With her forbidding, Victorian-sounding name and haunting songs, it’s tempting to romanticize Drag City songstress Edith Frost as some sort of distant, enigmatic poet; yet a visit to her homemade webpage reveals a warm, disarming person who really wants to share her songs with the public. Regardless of her ersonality, she continues to weave an enchanting musical tapestry with her latest album, Telescopic.

Frost’s debut full-length Calling Over Time was a real find, a captivating and austere distillation of American folk that conjured up the lonely, wastelands of some mythical Midwest. Telescopic’s opening track, "Walk on the Fire," signals a somewhat different affair, as it begins in a glorious racket of abrasive guitar, crashing drums and rumbling bass. But, lo and behold, here come the same somewhat-fragile, ethereal vocals rolling above the fray. Telescopic is a fuller-sounding recording to be sure, but it’s hardly over-produced. And in a way, the clanging guitar lines, scraping cellos and sharp cymbals convey a similar harshness as the skeletal arrangements of her first record.
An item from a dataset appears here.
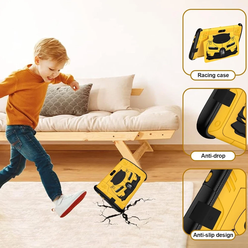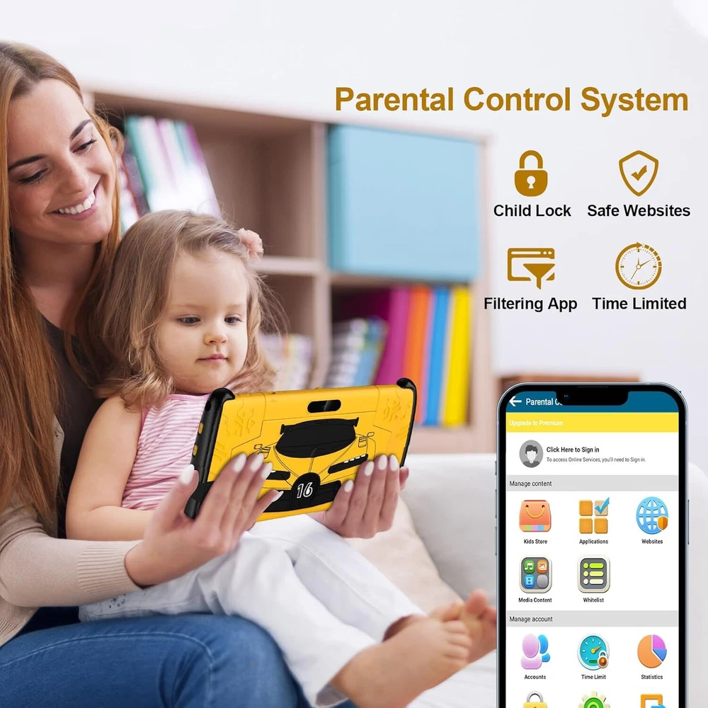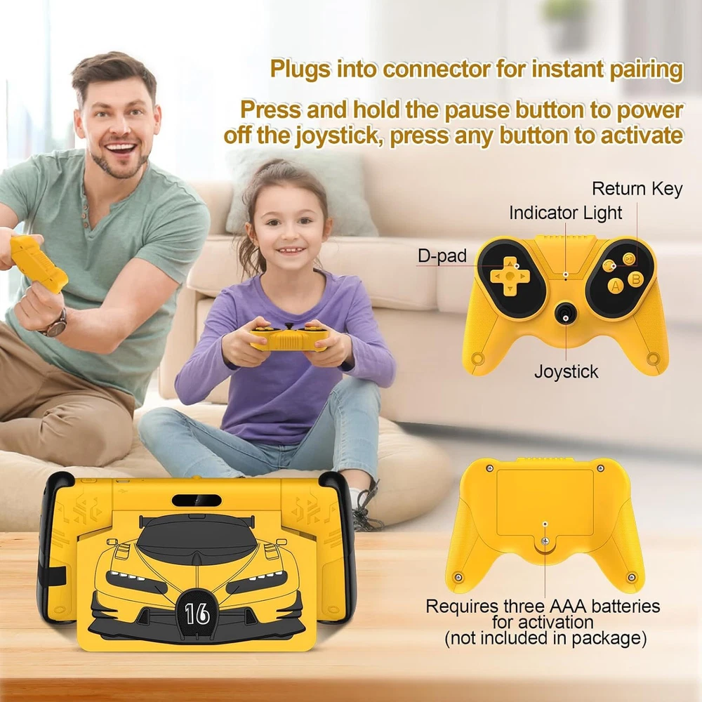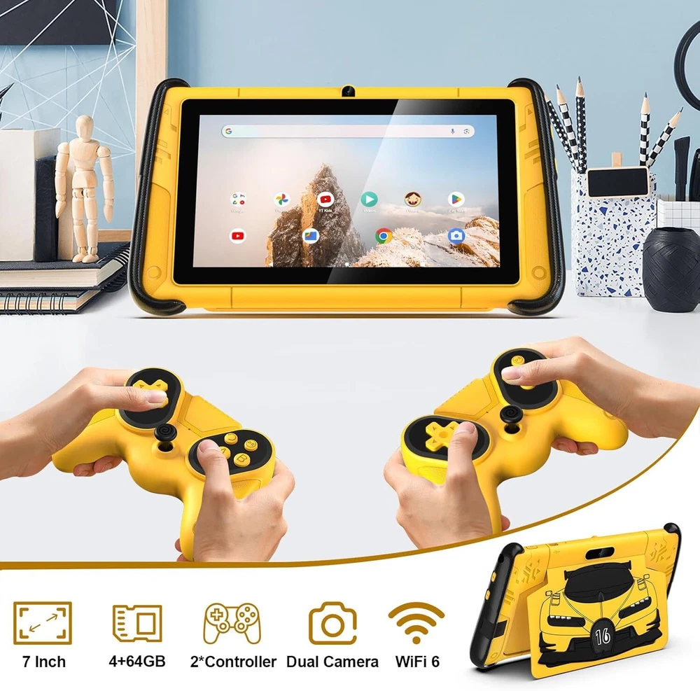 7 Inch Kids Tablet, Android 12 Tablet for Children with Game Yellow Product Details Standing screen display size: 7 Inches Screen Resolution: 1024x600 Max Screen Resolution: 1024 x 600 Pixels Processor: 1.5 GHz Card Description: Integrated Wireless Type: 802.11n Average Battery Life (in hours): 6 Hours Brand: VOLENTEX Model Name: K7 Memory Storage Capacity: 64 GB Screen Size: 7 Inches Display Resolution Maximum: 1024 x 600 Pixels 【High-performance Configuration】: The Volentex 7-inch kids tablet boasts a powerful configuration. It runs on Android 12 and features a 1.5GHz quad-core processor, coupled with 3GB of RAM and 64GB of internal storage. With expandable 512GB (microSD card not included). With a 300,000-pixel front camera and a 2 million-pixel rear camera to capture beautiful moments. Making it an ideal companion for children and igniting their learning interests, imagination, and creativity. 【Edutainment &&Eye Protection】: Kid tablets for toddlers with our pre-installed IWAWA app, children can enjoy the perfect blend of education and entertainment. Parents can also download child-specific apps from the Google Play Store. Additionally, the tablet comes with a child-friendly pre-installed video app , creating a safe online environment for joyful and productive learning. The eye protection mode can be enabled during extended tablet usage to safeguard children's eyes from harm. 【Controllers & Racing Protective Case】: The tablet for kids to enhance the user experience, offer dedicated accessories: controllers and personalized racing protective cases. These accessories not only allow children to immerse themselves in the world of gaming but also incorporate educational elements to promote learning through play. The eye-catching design of the accessories is sure to captivate children's attention. (the case is non-removable). 【Parental Control System】: Our kid tablet features a comprehensive parental control system. It allows parents to effectively manage their child's tablet usage by setting time limits and choosing suitable educational videos, games, e-books, and fun content. Parents can also set educational goals for their children and ensure that they are exposed to growth-enhancing content while filtering out any material that may hinder their development. 【Packaging&After-sales Service】: The product package includes a children's tablet, two controllers, a controller connector, an adapter, and a charging cable. If you have any questions or encounter any issues during the purchase or usage process, please do not hesitate to contact us. We are dedicated to providing excellent after-sales service and support.

At first listen, the album seems like a paler retread of Calling Over Time, somewhat scarce on tunes. But once you adjust to Frost’s measured pace, the melodies start to sink in. Frost sings mostly love songs, though not usually cheery ones. She summed up her philosophy on her first album when she sang, "I don’t wanna be too happy/Just enough to keep me goin’."
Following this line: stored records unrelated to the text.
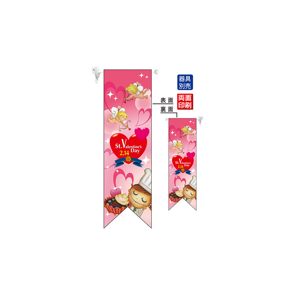 高さ850mmのロングタイプの高級遮光スエード素材に両面印刷した本格派販促フラッグ。表示内容「St.Valentines Day」
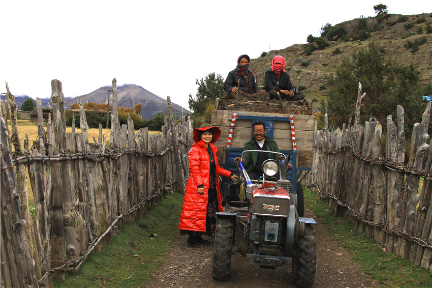 作者與然烏湖小島上的阿日村村民合影。
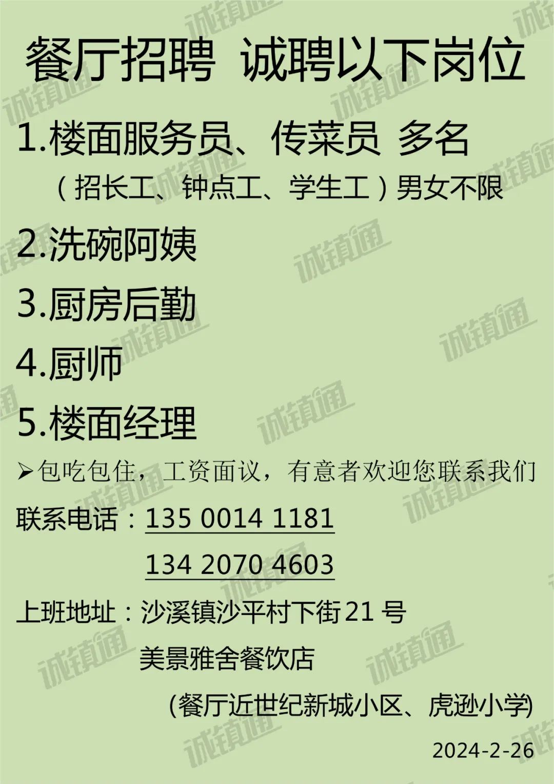 【琼中招聘信息】招聘配菜,洗碗工,杀鱼工,服务员
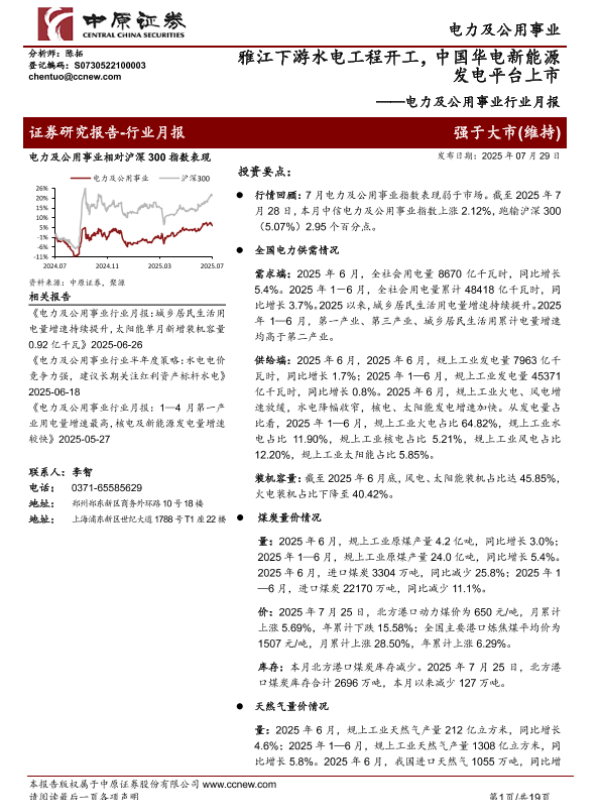 【中原证券】【202507】电力及公用事业行业月报:雅江下游水电工程开工,中国华电新能源发电平台上市-19页 证券期货研究报告
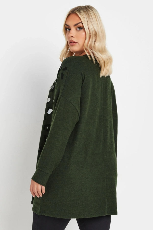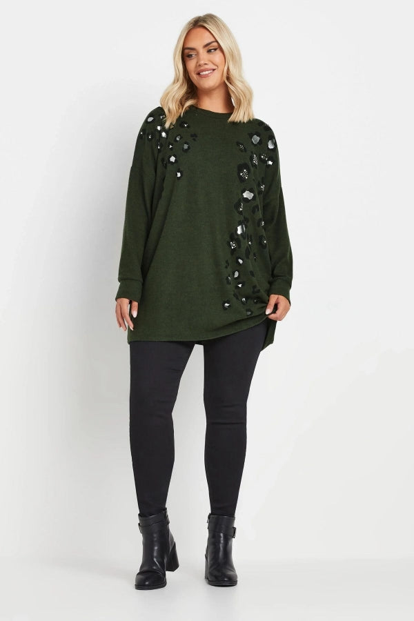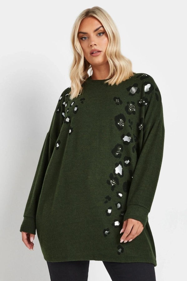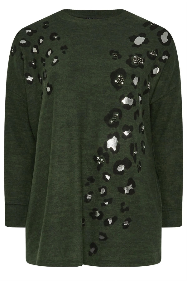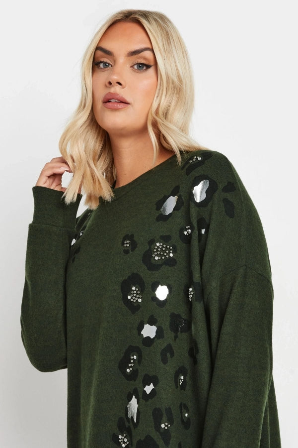 Büyük Beden Yumuşak Dokulu Leopar Baskılı Uzun Kollu Kazak 322222

Frost gets a lot of mileage out of the simplest of songs as with the spacey title track and "On Hold," which makes do without a chorus and hardly any verse. The seductive "Walk on the Fire" reveals a new toughness, while the rollicking "Bluish Bells" and "My Capture" ("I’m a hungry tiger in a kitten suit") get more than a bit playful. The producers, Adam and Eve, cloak Frost’s compositions in suitable instrumental attire, especially the mournful violin on the loverlorn "Tender Kiss."